Tadmor n’est pas un film sur la mémoire. Ceux qui ont y ont été emprisonnés, et qui vont affronter la caméra,  ne peuvent rien oublier de ce qu’ils y ont vécu, quelle que soit la durée de leur enfermement.  Ils ne veulent pas non plus simplement témoigner de ce qu’il a d’inacceptable. Mais ils ont besoin – pour eux-mêmes, pour leur survie toujours à conquérir, ou à reconquérir – de mettre en parole leur vécu – ce vécu en soit invivable, c’est-à-dire qu’il n’est pas possible de vivre, qu’on ne peut pas imaginer vivre. Le recours à la parole peut bien sûr être compris comme un exorcisme. Il a peut-être plus profondément le sens de l’affirmation de l’humanité et donc de la liberté comme caractéristique fondamentale de l’humanité, de la qualité d’homme. Une parole qui ne se veut pas libératoire – ou libératrice. Parce que ces hommes privés de liberté sont malgré tout resté libres, parce qu’ils sont restés des hommes, malgré la volonté de leurs bourreaux de ne plus les considérer comme des hommes. Revenus de Tadmor, ils peuvent dire la liberté, en mettre en mots, des mots qui la rendent plus précieuse que jamais, pour tous les hommes, sous tous les régimes, en dehors même de toute référence historique. C’est pourquoi d’ailleurs Tadmor n’est pas un film d’histoire. C’est un film de philosophie.

En 2011, d’anciens prisonniers libanais de Tadmor, ont saisi l’occasion du déclenchement de la révolution contre le pouvoir d’Assad pour solliciter deux cinéastes afin de faire entendre cette parole de liberté. Et le film va dans une de ses parties en effet les écouter parler de ce vécu passé mais qui est pour eux toujours un présent.

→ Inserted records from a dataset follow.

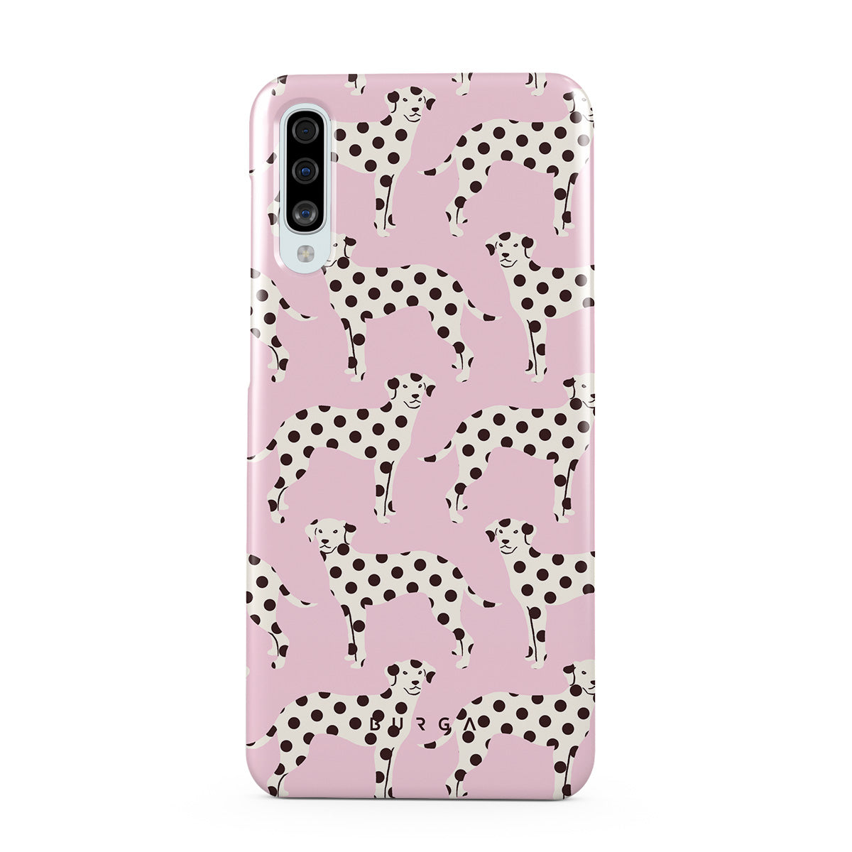 このデザインの特徴:ベビーピンクの背景に描かれたダルメシアンの犬が特徴です。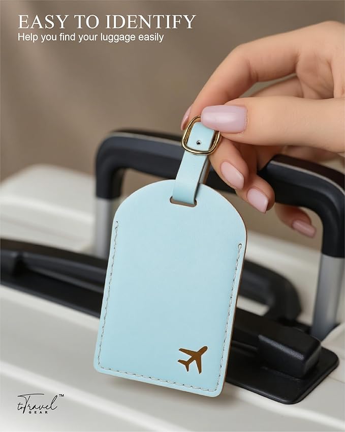Luggage Tags for Suitcases,2 Pack PU Leather Privacy Protection Bag Tags Travel Accessories Essentials,Light Blue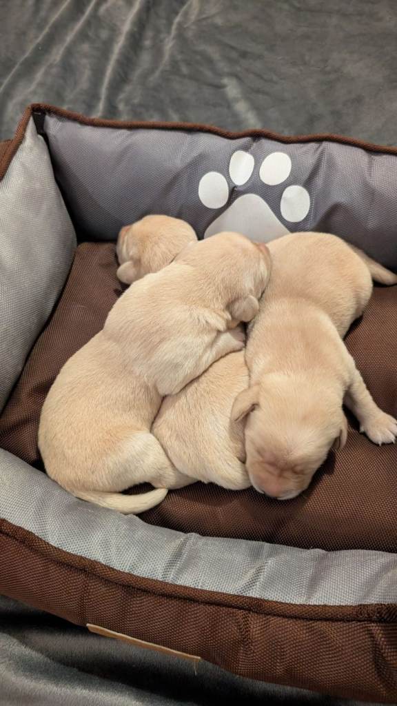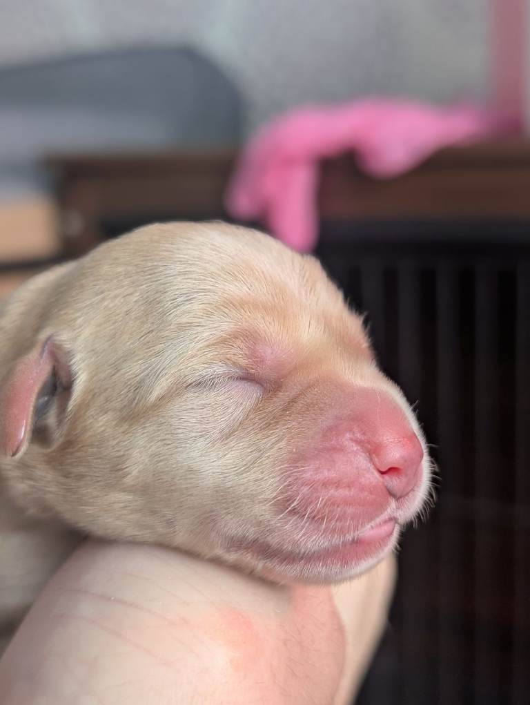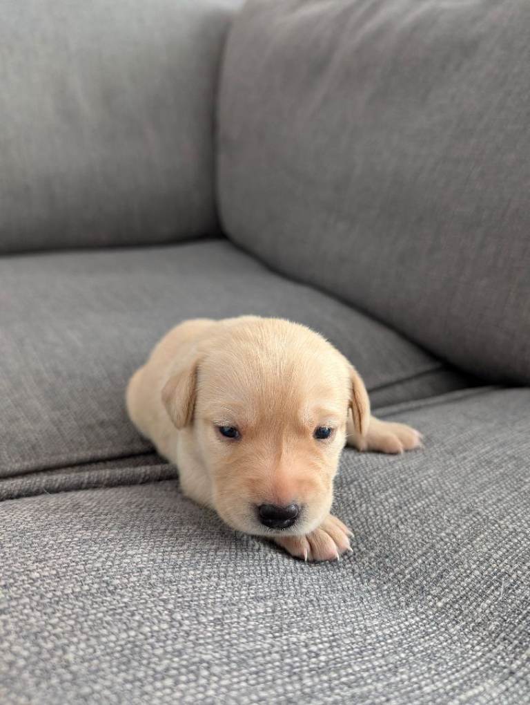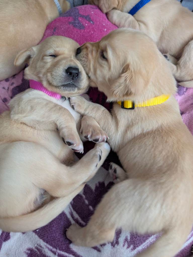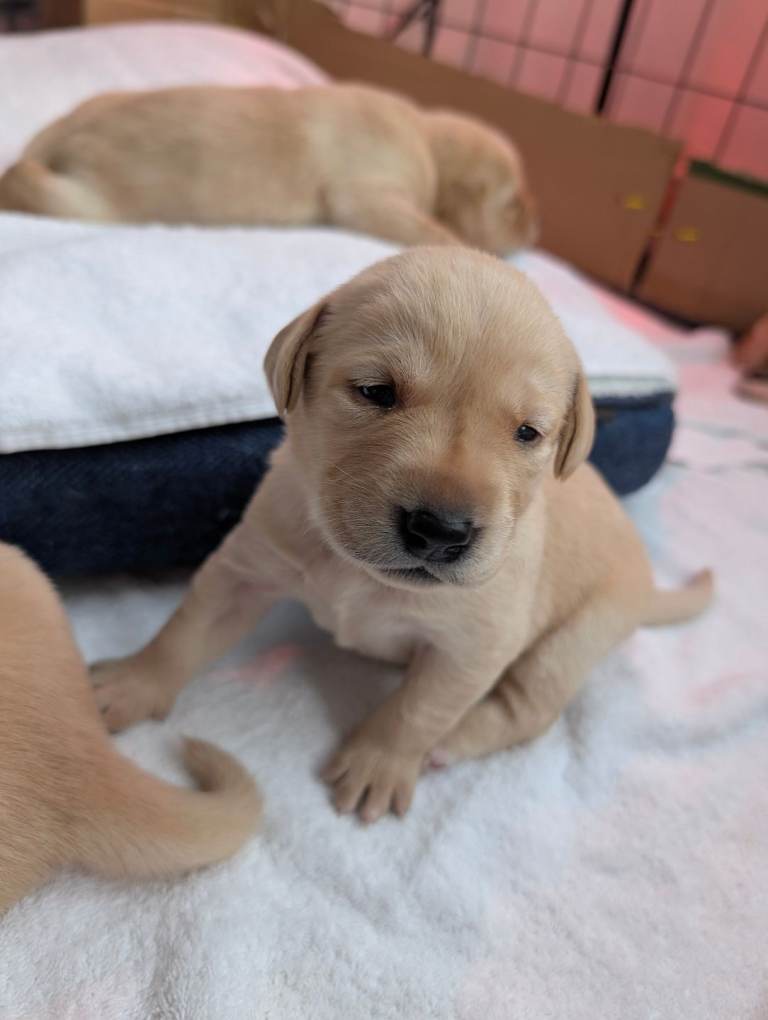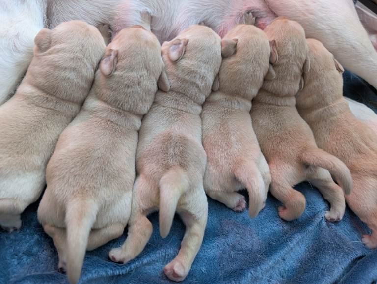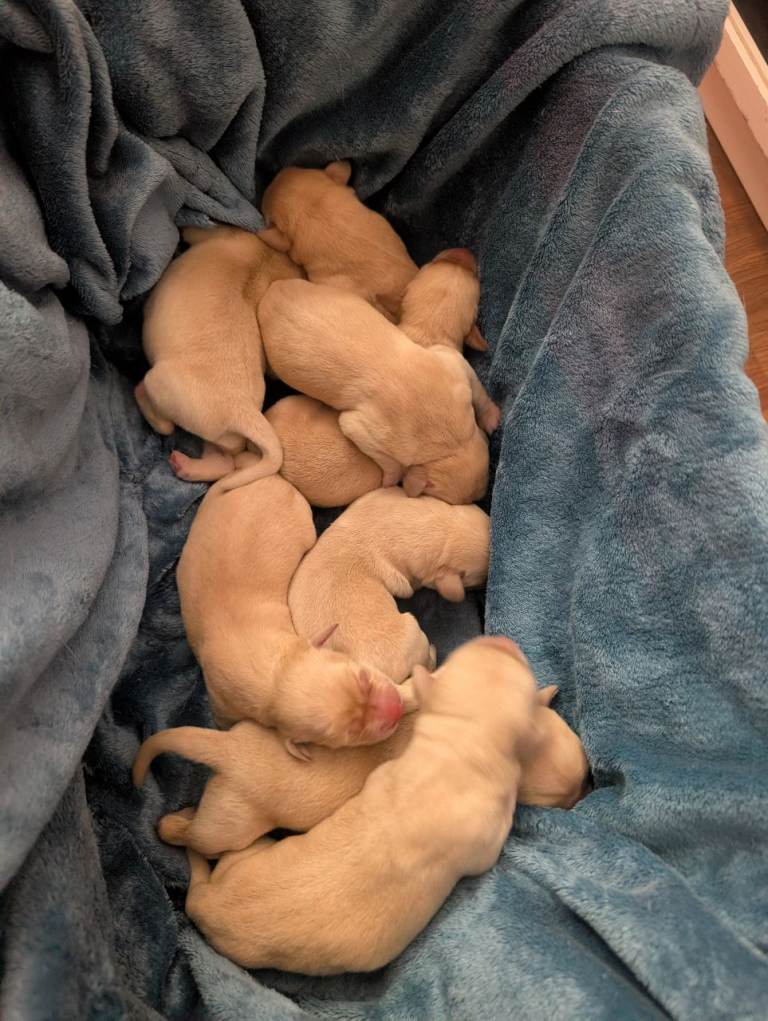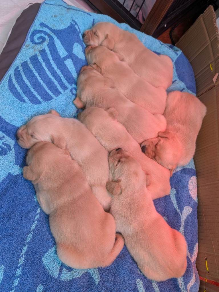 There are 3 girls and 5 boys, all born on 25th February.Mum is a yellow (white) Labrador, turning 3 years old this April, and this is her first litter. She is a loving family pet with a gentle, kind temperament.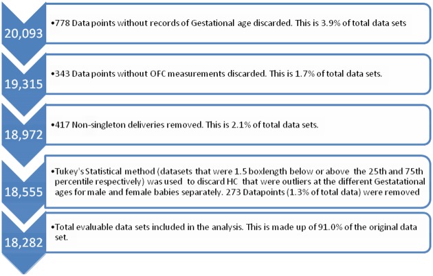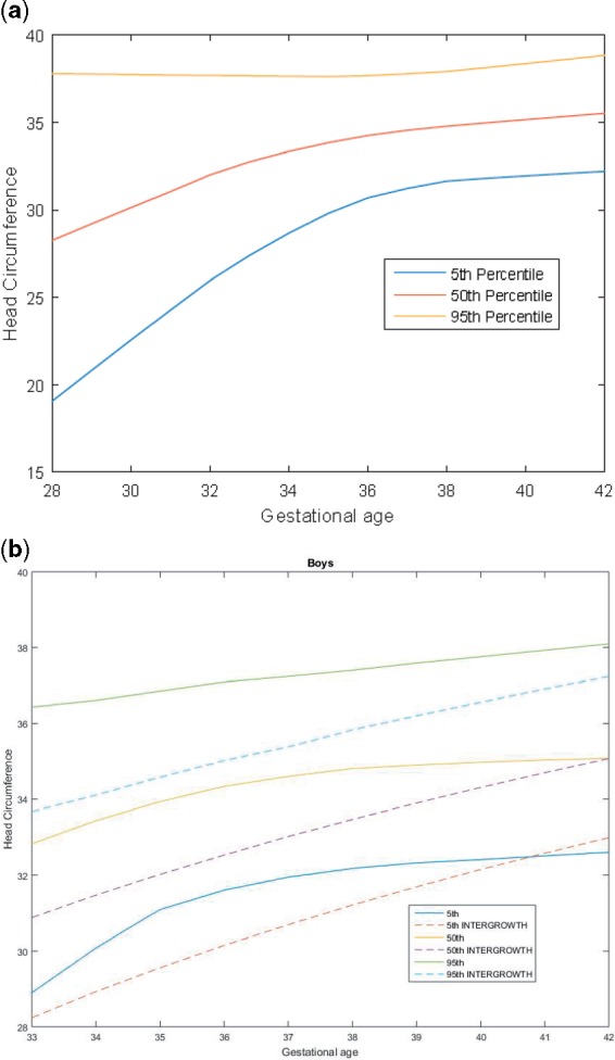Subjects and methods: We reviewed birth records of all infants at the Jos University Teaching Hospital (JUTH) over a 10 year period from January 2006. JUTH is a tertiary care center offering obstetric services to a large population of women in Jos and its environs. All births with gestational age between 28 and 42 weeks were included in the study. STATA version 14 was used to calculate gestational age associated HC percentile measurements.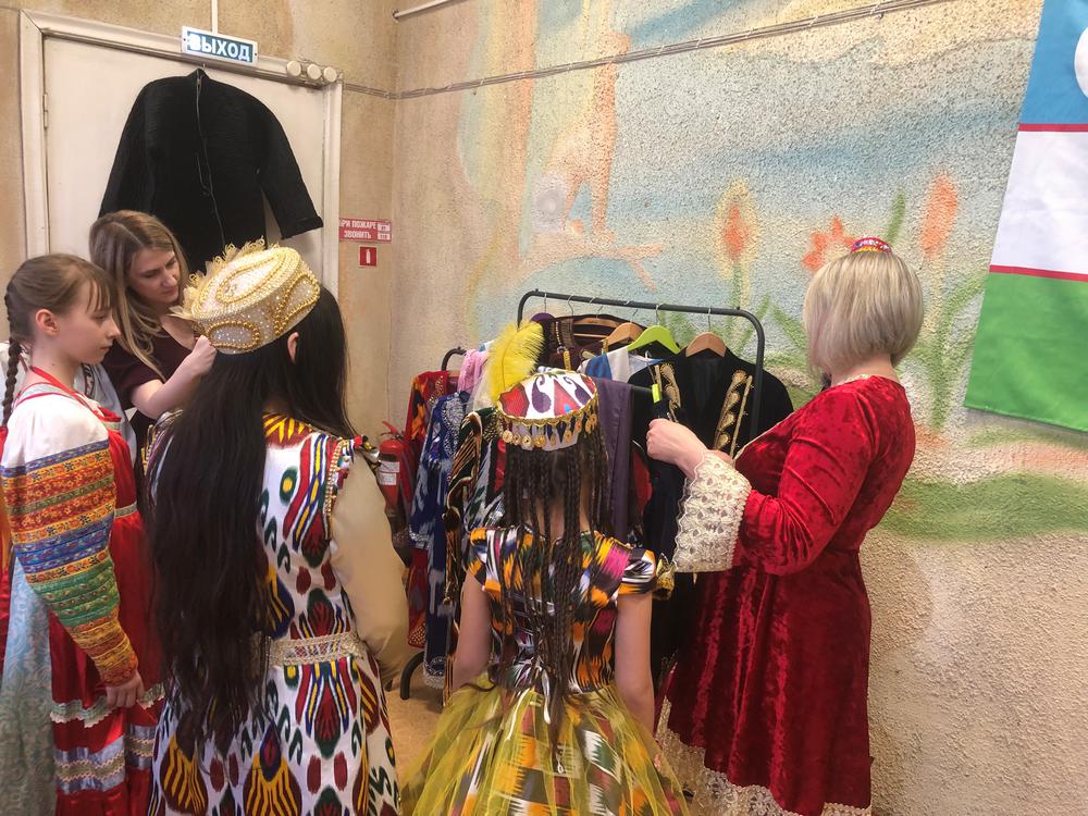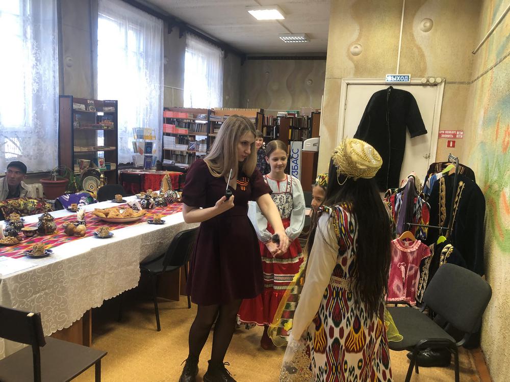 Участники клуба рассказали о своих традиционных костюмах: что носят женщины, а что надевают девушки, как наряжают на праздник детей. Ребятам рассказали, почему каждый костюм расшит и украшен по-разному, почему только женщины носят украшения из золота, что означают узбекские четки и многое другое.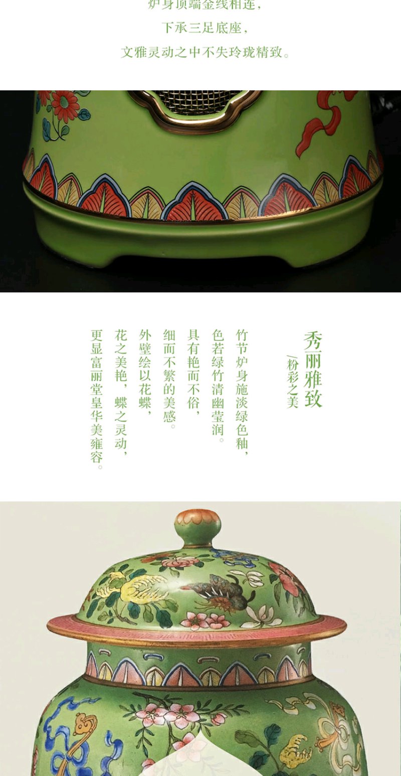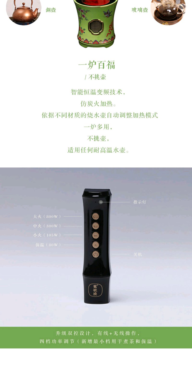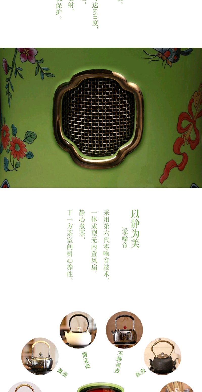 莺歌烧 绿底蝴蝶珐琅电陶炉 电陶炉碳炉 家用静音烧水煮茶器三足绿底蝴蝶纹小凉炉

Assis sur une chaise face à la caméra, en chemise blanche, ils racontent dans le détail, sans colère, sans haine dirait-on, posément, presque calmement. Ils décrivent les sévices, les actions des gardiens à leur encontre, les coups, les blessures infligées, physiquement et moralement, les insultes et invectives, tout ce qui simplement conduit la majorité de ces prisonniers à la mort. Parfois ils se lèvent de leur chaise, pour montrer plus précisément comment cela se passait. Une démonstration en quelque chose, mais dont nous voyons bien qu’elle est véritablement sans commune mesure avec ce qu’était la réalité.

Le film cependant n’en reste pas à faire entendre cette parole. Il va mettre en œuvre des actions. Des actions qu’il ne faut pas comprendre comme des reconstitutions – l’enfer ne se met pas en scène. Les anciens prisonniers de Tadmar « jouent » Tadmor. Ils le mettent en actes comme ils l’ont mis en mots. Ils incarnent Tadmor devant la caméra parce qu’ils l’ont vécus dans leur corps. Ils ne miment pas la douleur, la souffrance, ils la rendent présente aux yeux du spectateur, par la seule présence de leur corps se courbant sous les coups et les insultes des gardiens. Ces séquences sont bien évidemment chargées de très fortes émotions. Mais elles ne cherchent pas à apitoyer. Ni non plus d’ailleurs à faire se révolter le spectateur. Mais elles nous disent avec la plus grande force que la liberté est un bien inaliénable. Quelles que soient la folie et la cruauté des hommes, il faut croire qu’elle finit toujours par triompher.

Tadmor a été diffusé en compétition documentaires au Festival International du Film d’Histoire de Pessac, novembre 2016.